/MultimodalTransformers

lmmtoolkit is a toolkit for Multi-Modal Learning

Primary LanguagePythonApache License 2.0Apache-2.0

MultimodalTransformers

CLIP

This is a simple implementation of Natural Language-based Image Search inspired by the CLIP approach as proposed by the paper Learning Transferable Visual Models From Natural Language Supervision by OpenAI in PyTorch Lightning. We also use Weights & Biases for experiment tracking, visualizing results, comparing performance of different backbone models, hyperparameter optimization and to ensure reproducibility.

python examples/train_clip.py

This command will initialize a CLIP model with a ResNet50 image backbone and a distilbert-base-uncased text backbone.

📚 CLIP: Connecting Text and Images

CLIP (Contrastive Language–Image Pre-training) builds on a large body of work on zero-shot transfer, natural language supervision, and multimodal learning. CLIP pre-trains an image encoder and a text encoder to predict which images were paired with which texts in our dataset. This behavior turns CLIP into a zero-shot classifier. All of a dataset’s classes are converted into captions such as “a photo of a dog” followed by predicting the class of the caption in which CLIP estimates best pairs with a given image.
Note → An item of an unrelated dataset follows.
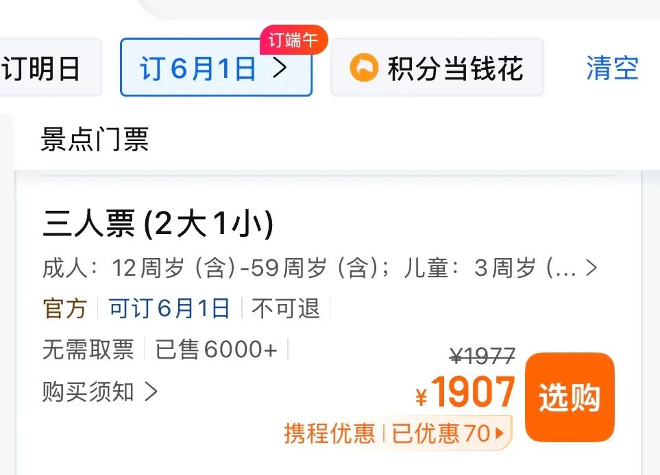 这个套餐非常值得一看,首先看一下门票价值,比如这周末的六一,2大1小门票1907元。

You can read more about CLIP here and here

💿 Dataset

This implementation of CLIP supports training on two datasets Flickr8k which contains ~8K images with 5 captions for each image and Flickr30k which contains ~30K images with corresponding captions.

🤖 Model

A CLIP model uses a text encoder and an image encoder. This repostiry supports pulling image models from PyTorch Image Models and transformer models from huggingface transformers.